Kellhus gazed back, utterly unsurprised.
He’s been waiting for me to reach this passage. All along …
“Give me the book,” he said, his tone unreadable.
She did as she was told.
In a fluid, almost thoughtless motion, he pulled his knife from the ceremonial sheath he wore about his waist. Pinching the blade near the tip, he proceeded to scratch the ink of the offending statement from the vellum. For several heartbeats, Esmenet couldn’t comprehend what he was doing. She simply stared, a petrified witness.
Once the column was clean, he leaned back to survey his handiwork.
“Better,” he said, as though he’d just scraped mould from bread. He turned to pass the book back.
Esmenet couldn’t bring herself to touch it. “But … But you can’t do that!”
“No?”
He pressed the book into her hands. She fairly tossed it into the dust on her far side.
“That’s
Scripture,
Kellhus. The Tusk. The Holy Tusk!”
“I know. The warrant of your damnation.”
Esmenet gawked like a fool. “But …”
Kellhus scowled and shook his head, as though astonished she could be so dense.
“Just who, Esmi, do you think I am?”
Serwë chirped with laughter, even clapped her hands.
“Wh-who?” Esmenet stammered. It was the most she could manage. Other than in rare anger or jest, she’d never heard Kelhus speak with … with such
presumption
.
“Yes,” Kellhus repeated,
“who?”
His voice seemed satin thunder. He looked as eternal as a circle.
Then Esmenet glimpsed it: the shining gold about his hands … Without thinking, she rolled to her knees before him, pressed her face into the dust.
Please! Please! I’m nothing!
Then Serwë hiccuped. Suddenly, absurdly, it was just Kellhus before her, laughing, drawing her up from the dust, bidding her to eat her supper.
“Better?” he said as she numbly resumed her place beside him. Her whole skin burned and prickled. He nodded toward the open book while filling his mouth with rice.
Bewildered, flustered, she blushed and looked down. She nodded to her bowl.

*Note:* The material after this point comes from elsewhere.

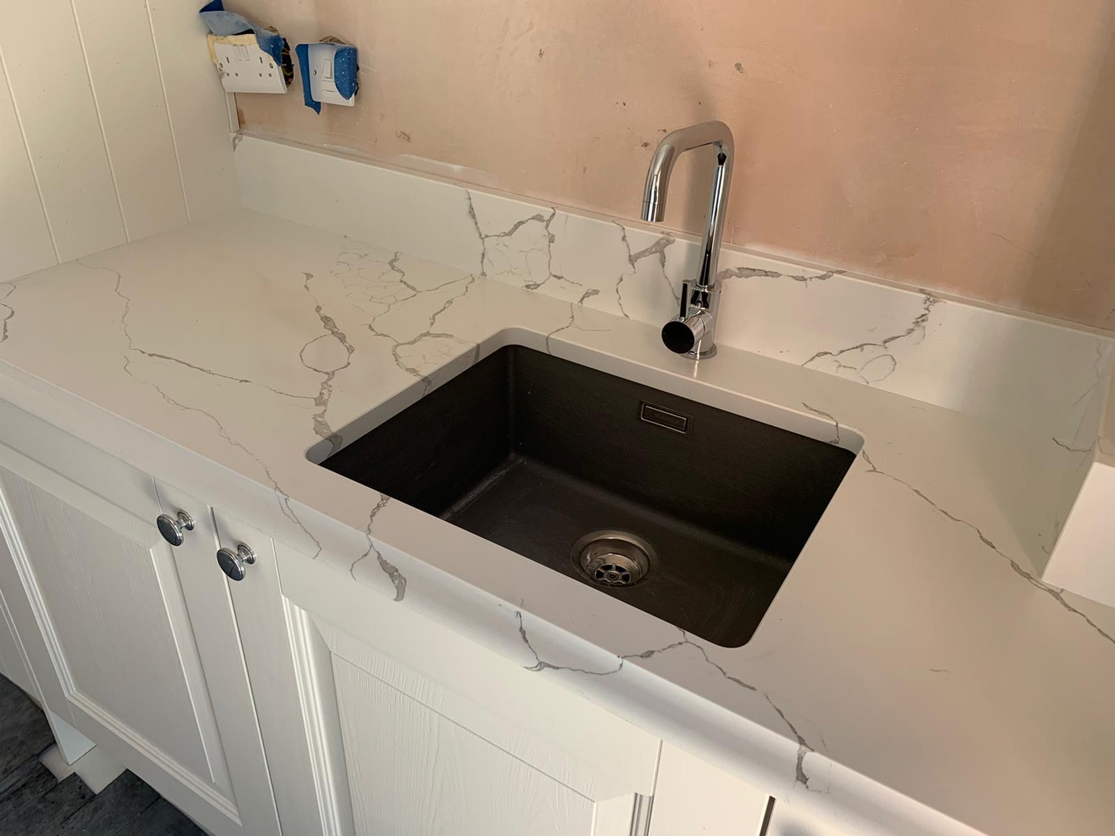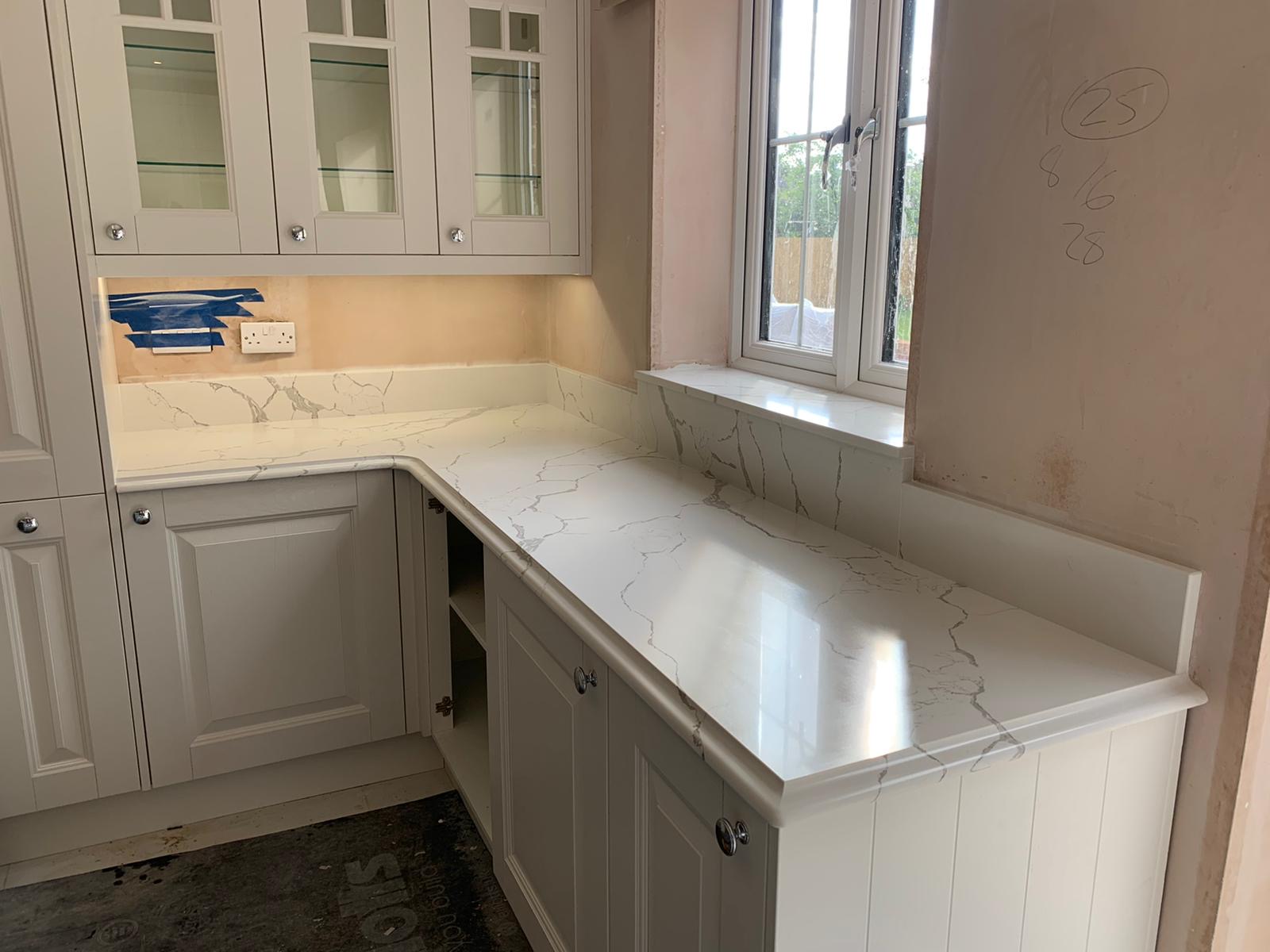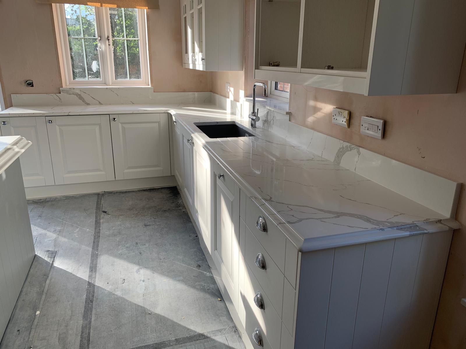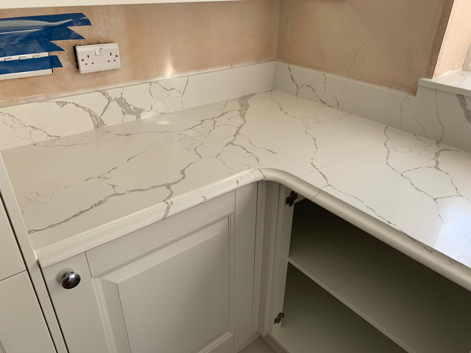 Transform your kitchen with the elegant calacatta venato quartz countertops. This luxurious quartz surface mimics the classic beauty of Italian marble, featuring a clean white background with striking grey veins that create a sophisticated and timeless look. Perfect for both modern and classic kitchen designs, calacatta venato quartz adds a touch of luxury to any interior.
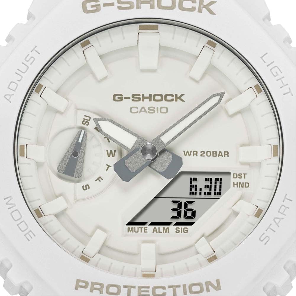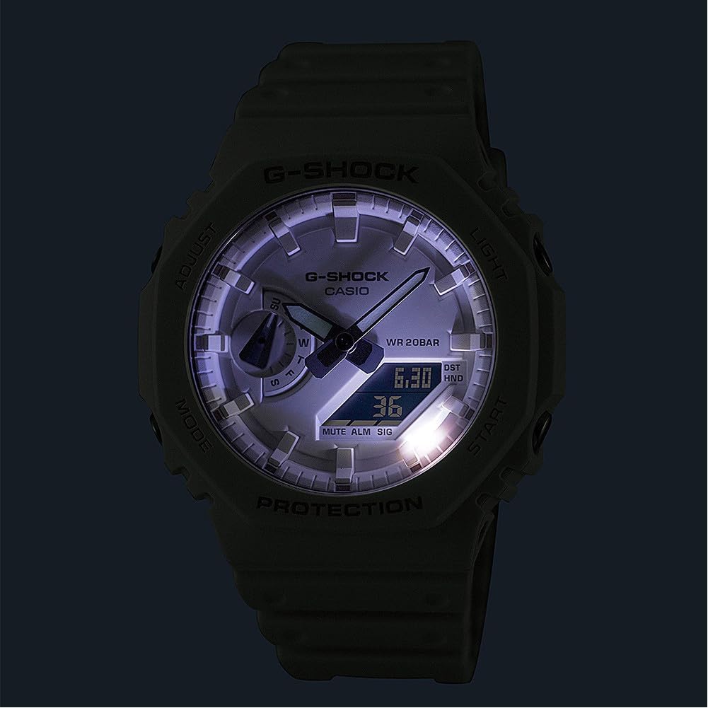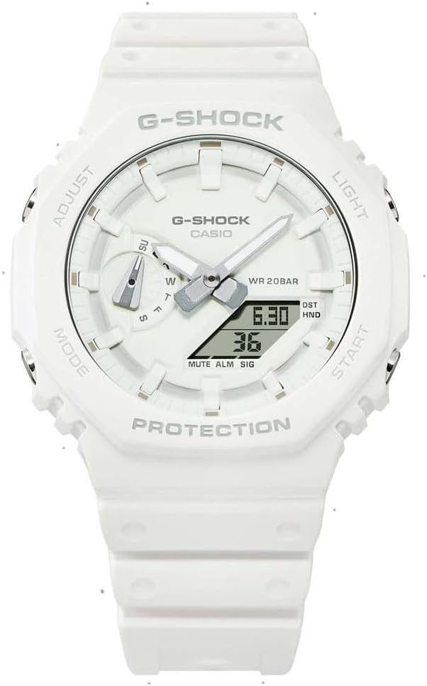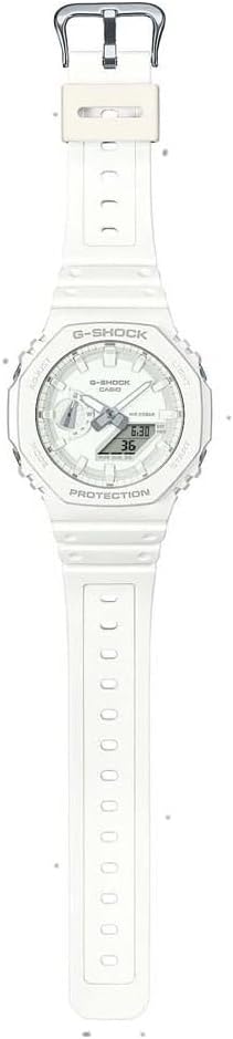 Casio GA-2100-7A7ER Men’s Analogue Digital Quartz Watch with Plastic Strap, White, 20 Bar Waterproof, Stopwatch World Time Alarm Bluetooth Lighting

I knew this! I always knew this!
The difference was that Kellhus now knew as well. His presence burned in her periphery. How, she breathlessly wondered, how could she ever look into his eyes again?

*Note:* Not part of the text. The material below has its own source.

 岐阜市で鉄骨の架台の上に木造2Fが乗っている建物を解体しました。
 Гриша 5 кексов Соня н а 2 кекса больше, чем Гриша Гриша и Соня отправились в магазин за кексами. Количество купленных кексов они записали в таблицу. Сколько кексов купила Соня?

Throughout her entire life she’d looked upon things and people that stood apart. She was Esmenet, and that was her bowl, the Emperor’s silver, the Shriah’s man, the God’s ground, and so on. She stood here, and those things
there
. No longer. Everything, it seemed, radiated the warmth of his skin. The ground beneath her bare feet. The mat beneath her buttocks. And for a mad instant, she was certain that if she raised her fingers to her cheek, she would feel the soft curls of a flaxen beard, that if she turned to her left, she would see
Esmenet
hovering motionless over her rice bowl.